Thursday, February 15, 2007

Recent Acquisitions.

I love my books. Although my collecting tastes are eclectic, the following volumes - all recently acquired - show that there are patterns in my habit.

What do I like to collect?

Lawrence Block (about 140 volumes)
Fredric Brown
R. Austin Freemam
H.C. Bailey
Ellery Queen
Jacques Futrelle

Dwight V. Babcock
Doubleday Crime Club
Dell Mapbacks
Any mystery/crime novel with a Lewis Carroll allusion in the title (this started after I read Fredric Brown's Night of the Jabberwock).
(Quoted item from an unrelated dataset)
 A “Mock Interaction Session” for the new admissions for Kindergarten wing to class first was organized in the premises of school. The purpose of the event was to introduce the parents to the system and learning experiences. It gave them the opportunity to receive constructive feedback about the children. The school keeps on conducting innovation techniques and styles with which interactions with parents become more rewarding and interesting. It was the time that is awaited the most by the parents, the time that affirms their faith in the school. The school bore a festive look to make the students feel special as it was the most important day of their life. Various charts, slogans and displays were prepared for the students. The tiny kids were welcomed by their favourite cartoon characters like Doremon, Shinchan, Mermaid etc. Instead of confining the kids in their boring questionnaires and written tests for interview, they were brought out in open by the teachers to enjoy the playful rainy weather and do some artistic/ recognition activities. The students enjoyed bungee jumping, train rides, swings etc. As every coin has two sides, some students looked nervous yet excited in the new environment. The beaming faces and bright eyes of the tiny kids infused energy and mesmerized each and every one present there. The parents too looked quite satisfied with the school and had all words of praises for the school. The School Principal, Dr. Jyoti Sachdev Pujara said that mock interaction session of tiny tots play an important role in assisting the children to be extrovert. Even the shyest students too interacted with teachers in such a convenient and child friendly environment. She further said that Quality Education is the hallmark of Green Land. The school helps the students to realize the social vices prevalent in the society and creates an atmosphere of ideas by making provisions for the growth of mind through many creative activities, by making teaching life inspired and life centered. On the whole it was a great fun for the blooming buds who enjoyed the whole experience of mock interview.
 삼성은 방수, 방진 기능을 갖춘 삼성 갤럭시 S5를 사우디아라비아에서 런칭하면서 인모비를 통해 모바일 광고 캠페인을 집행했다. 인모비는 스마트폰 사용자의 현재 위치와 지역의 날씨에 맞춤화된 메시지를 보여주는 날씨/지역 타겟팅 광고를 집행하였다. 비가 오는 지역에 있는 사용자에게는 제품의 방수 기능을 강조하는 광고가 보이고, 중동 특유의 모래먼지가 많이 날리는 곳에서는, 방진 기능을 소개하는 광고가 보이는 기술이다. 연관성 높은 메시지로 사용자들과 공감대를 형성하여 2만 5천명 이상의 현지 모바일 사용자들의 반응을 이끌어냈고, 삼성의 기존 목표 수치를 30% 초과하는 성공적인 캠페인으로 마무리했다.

I also have quite a few volumes of Rex Stout, John Dickson Carr, Erle Stanley Gardner, and Ed McBain, but so many of these are paperback reprints, so I'm not sure they're in the same ballpark. I have a lot of books by the three MacDonalds (Philip MacDonald, John D. MacDonald, and Ross Macdonald).

I came across this paperback of George Bagby's Mysteriouser and Mysteriouser, in which the Alice and Wonderland statue in Central Park plays prominently. Bagby is a pseudonym of Aaron Marc Stein's. I also have the hardcover first of this, which incidentally is a Doubleday Crime Club volume.
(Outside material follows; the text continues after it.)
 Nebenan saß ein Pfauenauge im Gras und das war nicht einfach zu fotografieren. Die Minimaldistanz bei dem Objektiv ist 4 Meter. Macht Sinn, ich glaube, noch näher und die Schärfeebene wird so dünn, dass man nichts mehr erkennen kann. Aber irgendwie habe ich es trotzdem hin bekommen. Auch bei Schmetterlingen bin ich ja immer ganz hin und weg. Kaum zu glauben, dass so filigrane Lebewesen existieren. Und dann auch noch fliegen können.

I met and had dinner with Bill DeAndrea at the Seattle Bouchercon in 1994. We corresponded briefly until his death a few years later. I liked him and his books, of which I own most titles. He wrote two books under the name Philip Degrave, Unholy Moses and Keep the Faith, Baby. I recently replaced my paperback (Paperjacks ©) copy with this Doubleday Crime Club first.

Larry Block has written under many pseudonyms, some that I'm sure he's rather forget about. While at Left Coast, I picked up two paperback firsts written under the name Paul Kavanaugh

Here are a few recently found Crime Clubs. Doubleday began publishing books with the Crime Club symbol (a composite of a guy with a gun, a guy falling, and the letters C-R-I-M-E) in 1928, and continued into the 1990s. Ellen Nehr was the authority on these for many years. After her death, Bill Deeck took up the mantle. I'm not sure if anyone is keeping up with the scholarship these days.
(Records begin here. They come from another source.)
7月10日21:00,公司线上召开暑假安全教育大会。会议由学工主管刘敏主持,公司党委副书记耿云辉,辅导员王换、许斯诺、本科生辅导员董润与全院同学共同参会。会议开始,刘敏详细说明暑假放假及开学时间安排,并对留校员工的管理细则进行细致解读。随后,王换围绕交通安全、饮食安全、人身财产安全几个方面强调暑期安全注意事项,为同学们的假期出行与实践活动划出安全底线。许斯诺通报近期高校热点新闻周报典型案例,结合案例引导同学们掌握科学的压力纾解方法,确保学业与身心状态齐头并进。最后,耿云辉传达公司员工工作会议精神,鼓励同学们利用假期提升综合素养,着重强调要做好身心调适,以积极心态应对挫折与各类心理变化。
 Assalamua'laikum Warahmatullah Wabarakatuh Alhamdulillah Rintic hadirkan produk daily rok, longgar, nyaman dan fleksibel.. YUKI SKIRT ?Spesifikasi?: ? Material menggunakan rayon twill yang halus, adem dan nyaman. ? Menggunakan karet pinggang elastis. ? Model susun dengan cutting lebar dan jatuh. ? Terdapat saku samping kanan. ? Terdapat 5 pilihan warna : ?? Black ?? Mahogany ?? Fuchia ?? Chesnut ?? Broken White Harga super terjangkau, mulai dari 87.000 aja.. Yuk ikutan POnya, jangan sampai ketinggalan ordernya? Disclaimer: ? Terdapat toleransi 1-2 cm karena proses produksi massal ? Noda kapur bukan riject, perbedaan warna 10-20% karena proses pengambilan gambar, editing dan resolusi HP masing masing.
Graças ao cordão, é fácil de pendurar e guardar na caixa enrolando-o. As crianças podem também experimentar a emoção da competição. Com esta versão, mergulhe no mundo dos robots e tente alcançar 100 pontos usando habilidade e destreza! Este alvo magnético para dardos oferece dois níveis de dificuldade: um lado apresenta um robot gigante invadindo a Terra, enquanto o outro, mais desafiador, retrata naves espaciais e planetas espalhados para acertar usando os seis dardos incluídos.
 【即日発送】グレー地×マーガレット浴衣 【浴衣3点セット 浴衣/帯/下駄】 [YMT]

Anthony Berkeley's Silk Stocking Murder was published during the Crime Club's first year.

The Crime Conductor by Philip MacDonald, was published in 1931. Philip was the only one of the MacDonalds to be British (although he moved to California in the 1930s. He is probably best known for The List of Adrian Messenger and The Warrent for X.

H.C. Bailey wrote volumes of short stories featuring the cherubic physician Reggie Fortune. He also wrote numerous novels featuring a sly lawyer named Joshua Clunk. Bailey may be difficult reading for modern tastes, but a brilliant writer. Shadow on the Wall was the first novel-length "Reggie Fortune" story to be published.

Future blog postings will focus on Futrelle, Babcock, and whatever else strikes my fancy.